A curl of the tail

· cats · mumblings ·

It’s no secret that I’m a cat lover (or a crazy cat lady, depending upon your point of view). Like any person in thrall to all things feline, I love to watch them in motion. However, there are times when I find myself completely entranced just watching them sitting. They have such an elegant shape. I particularly like it when they sit upright, in a pose I like to think of as the “Goddess Bastet”.

I was watching Bella the other day as she sat on the windowsill in this position, looking out the window. Her forepaws were placed very precisely, pressed together tightly and just touching her back paws. Her body was a series of intersecting curves. The great arches of her ears, pointing neatly forwards, joined the tight curve of her head. Her back was a thing of geometric perfection. It always reminds me somehow of a golden spiral — a tight curve that opens out and then relaxes into an elegant sweep towards the ground.

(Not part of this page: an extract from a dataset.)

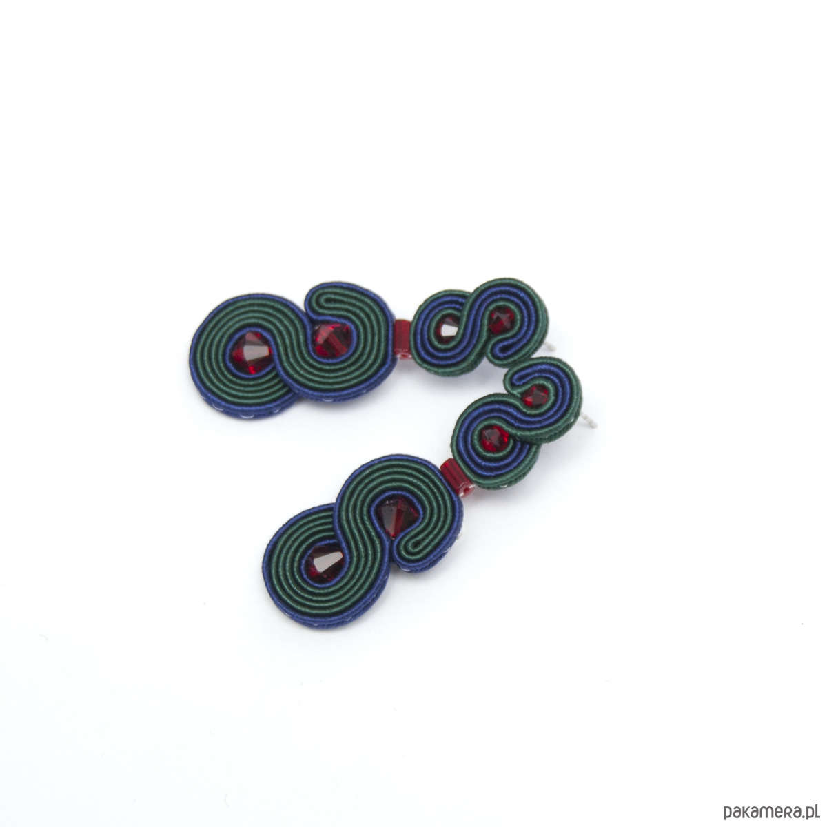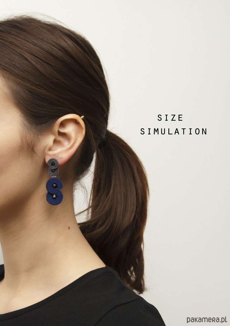Kolczyki wykonane są techniką haftu soutache. Zrobione z kryształków Swarovskiego, sznurków sutasz i sztyftów ze stali chirurgicznej (antyalergiczna). Tył kolczyków stanowi cienka, delikatna skóra naturalna. Długość kolczyka to około 5 cm, szerokość w najszerszym miejscu wynosi około 2 cm. Kolczyki zabezpieczone są impregnatem.

And then there was her tail. Bella’s tail comes a very close second to her golden green, early autumn beech leaf eyes as her best feature. Like all Somali cats, she has a thick, luxuriantly furred tail. Some people describe it as being like a squirrel or a fox tail, but that doesn’t really do the extravagance of it justice. It looks like something a creature from the forests of Siberia would sport in the depths of winter. Like the rest of her coat, it has layers of woodland colours: russet, rich chestnut, and a deep brown like old, well polished leather. Over this, there’s a stripe of glossy black running along the length of her tail, and pooling at the dapper black tip. Most of the time, it’s in a constant state of movement, even if her body is still. It’s an eloquent tail, idly flicking, slyly arching, slowly curving or whipping fast like a striking cobra. It even twines around your leg companionably when you reach down to stroke her. It almost seems to have a mind of its own. However, when she sits like Bastet she holds her tail in a particular way. As she settles, she curves her tail to the left along the ground, wrapping it closely around her perimeter until the tip reaches her forepaws. Just as her tail comes to rest, the very tip of her tail gently curls back on itself.

Whenever I picture Bella, I see this gesture of hers. It’s a supremely elegant serif, a beautiful scroll carved into an oak bannister, or a wrought iron flourish forged by a master blacksmith. It’s impossibly beautiful. I find it hard to believe that she’s real.

A goddess in the form of a cat? Entirely appropriate, if you ask me.